Yeah I have a fix for that but I dont want to rush another fix (altough it is yet another existing bug, I guess I just need to weite moee unicode-unicode suabteing tests. I never type unicode so I rarely run into these).
Yeah, I don't type Unicode usually but I have a music collection with a lot of foreign stuff or weird smart quotes and I'm writing a music player so I've been hitting the ascii-needle/unicode haystack codepath a lot.

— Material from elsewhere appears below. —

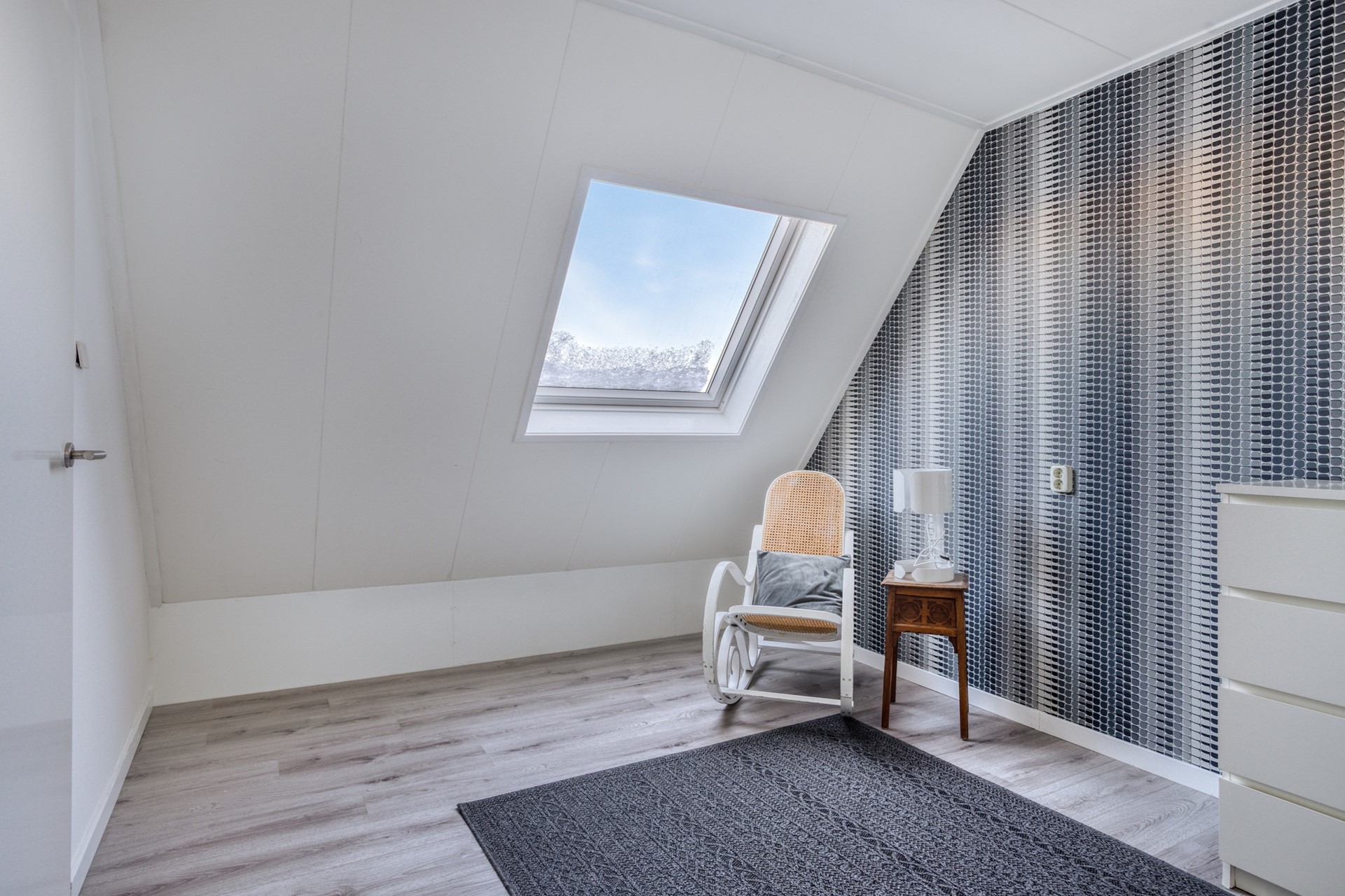 De ruimte is afgewerkt met een grenenhoutenvloer, behangen wanden en een spuitwerk plafond.

This should pass, but it fails with a score of 30; running with
indices
indicates that only the first codepoint in the haystack matches. If I get rid of the Japanese text the match goes away as expected. Fuzzy, postfix, and prefix match all indicate that there is no match; it's only substring match that breaks.edit: If I use
Utf32String::Unicode("lying".chars().collect())
there's no match, so I think the 'ascii needle, unicode haystack' codepath is the one with the problem.